| What to produce |
Copy word for word the lines in the records below, starting at the line with "5. You will" and ending at the line with "ベアにより、たまごは、まず洗卵室に入り、写真". Skip the pictures.

Stored records
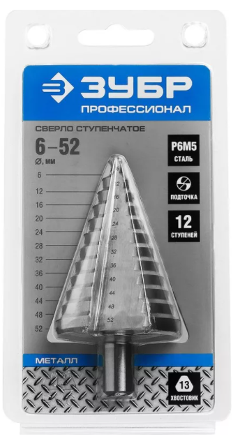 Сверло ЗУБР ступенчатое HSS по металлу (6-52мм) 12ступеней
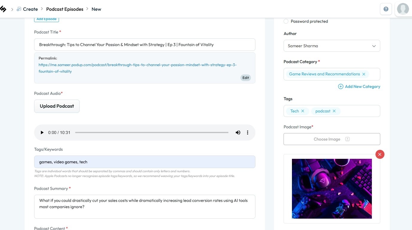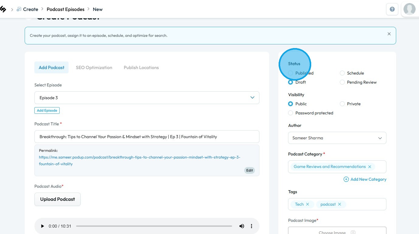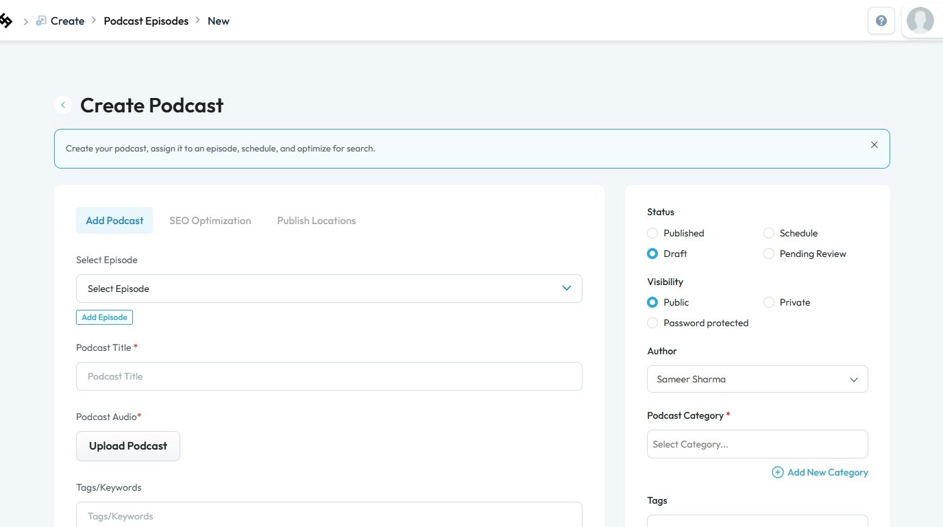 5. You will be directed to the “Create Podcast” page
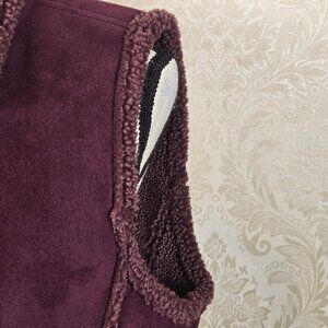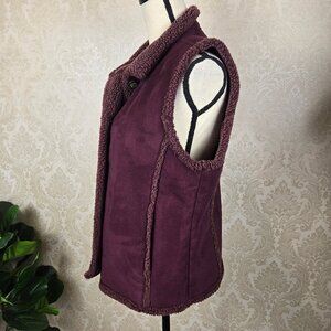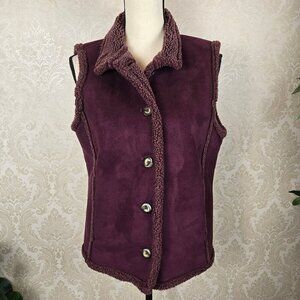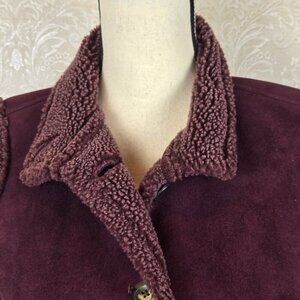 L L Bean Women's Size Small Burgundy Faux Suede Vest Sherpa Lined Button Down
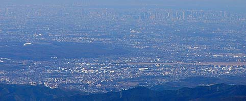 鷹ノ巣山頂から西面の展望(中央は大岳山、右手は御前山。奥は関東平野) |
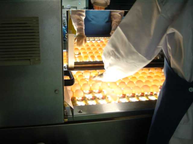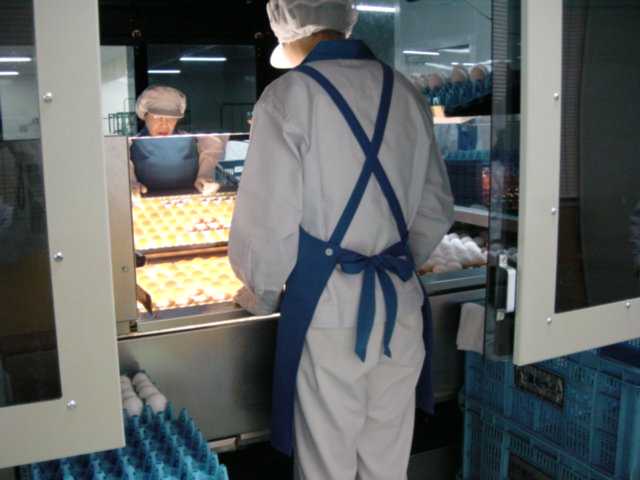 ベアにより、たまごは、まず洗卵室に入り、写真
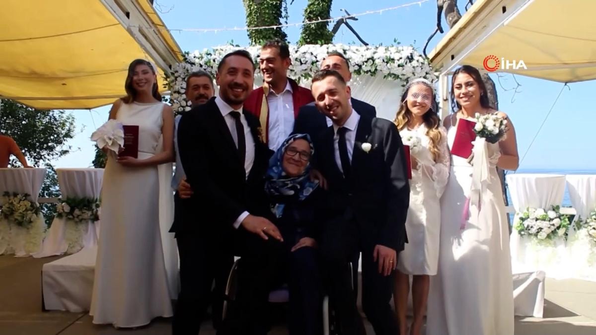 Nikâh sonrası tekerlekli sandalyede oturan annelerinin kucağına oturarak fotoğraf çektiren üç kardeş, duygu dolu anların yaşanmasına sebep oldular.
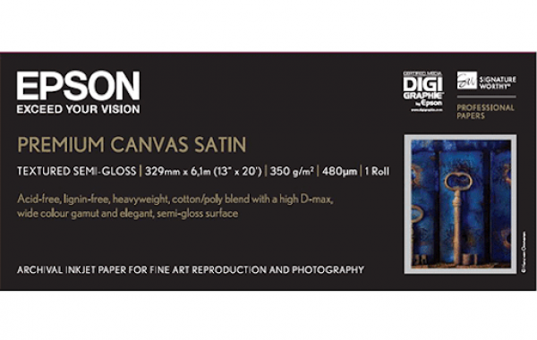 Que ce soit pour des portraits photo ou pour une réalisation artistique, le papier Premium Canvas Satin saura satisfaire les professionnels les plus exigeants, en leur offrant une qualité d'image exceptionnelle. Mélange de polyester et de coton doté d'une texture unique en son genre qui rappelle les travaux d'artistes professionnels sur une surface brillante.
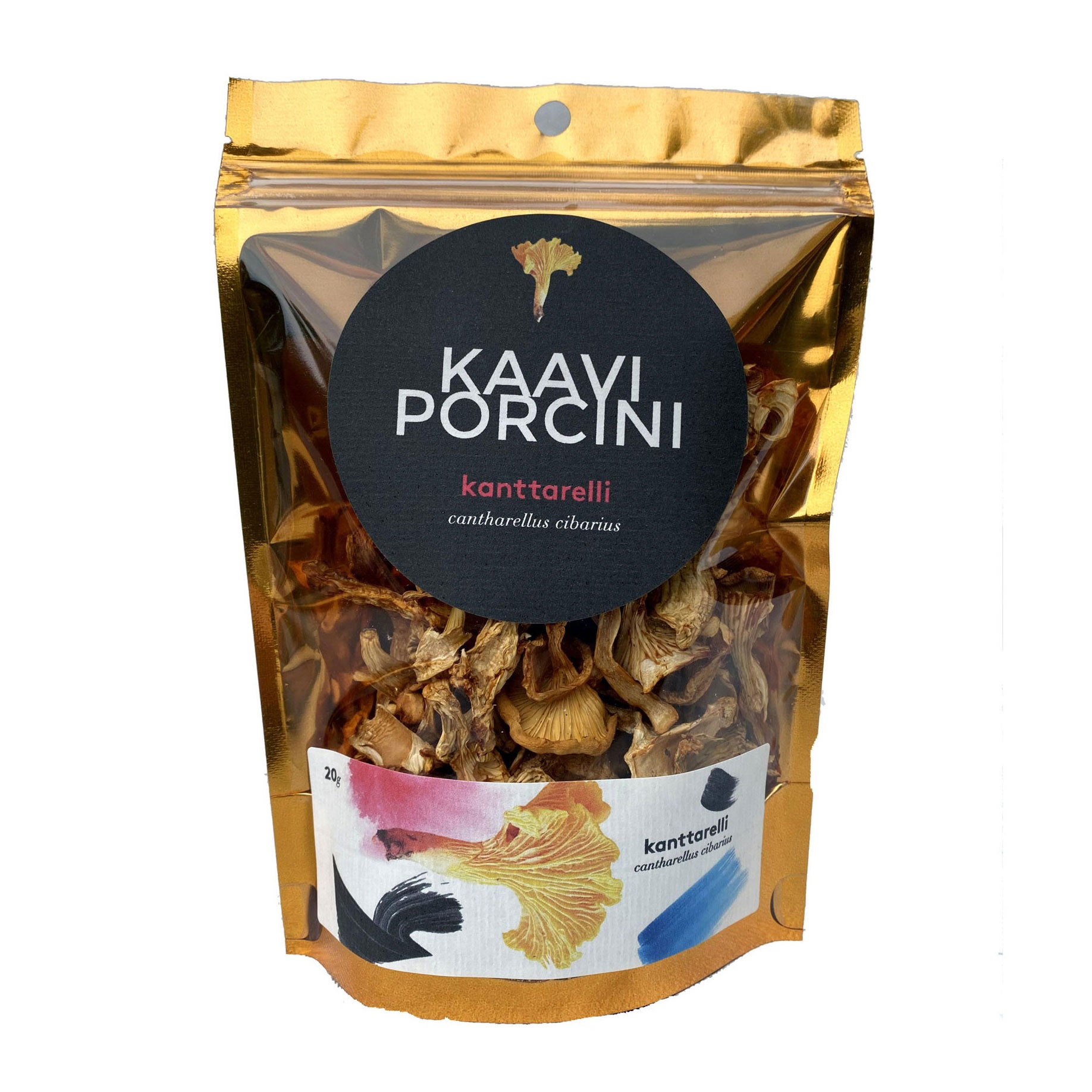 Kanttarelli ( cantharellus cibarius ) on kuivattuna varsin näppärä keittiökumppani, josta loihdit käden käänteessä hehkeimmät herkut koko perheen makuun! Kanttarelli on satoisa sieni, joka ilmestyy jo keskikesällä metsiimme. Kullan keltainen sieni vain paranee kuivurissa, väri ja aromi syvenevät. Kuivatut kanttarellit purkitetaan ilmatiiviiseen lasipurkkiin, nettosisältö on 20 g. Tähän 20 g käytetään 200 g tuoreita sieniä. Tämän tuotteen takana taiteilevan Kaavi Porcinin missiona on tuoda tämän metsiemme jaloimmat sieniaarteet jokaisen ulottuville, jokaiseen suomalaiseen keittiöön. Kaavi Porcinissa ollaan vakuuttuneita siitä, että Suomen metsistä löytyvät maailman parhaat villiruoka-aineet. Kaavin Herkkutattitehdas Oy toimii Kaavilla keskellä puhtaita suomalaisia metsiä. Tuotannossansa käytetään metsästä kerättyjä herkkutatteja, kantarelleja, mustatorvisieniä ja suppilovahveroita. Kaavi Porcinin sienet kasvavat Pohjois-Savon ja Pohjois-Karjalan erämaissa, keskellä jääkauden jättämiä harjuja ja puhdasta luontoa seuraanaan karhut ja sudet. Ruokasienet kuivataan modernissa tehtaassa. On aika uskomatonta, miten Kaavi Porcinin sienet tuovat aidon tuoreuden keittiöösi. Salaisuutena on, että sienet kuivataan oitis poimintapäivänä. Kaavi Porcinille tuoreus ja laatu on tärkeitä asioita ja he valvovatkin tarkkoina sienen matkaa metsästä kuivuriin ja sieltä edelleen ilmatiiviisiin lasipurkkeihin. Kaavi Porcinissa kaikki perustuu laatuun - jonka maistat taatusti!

| Response to the task |
 5. You will be directed to the “Create Podcast” page
 L L Bean Women's Size Small Burgundy Faux Suede Vest Sherpa Lined Button Down
 鷹ノ巣山頂から西面の展望(中央は大岳山、右手は御前山。奥は関東平野) |
 ベアにより、たまごは、まず洗卵室に入り、写真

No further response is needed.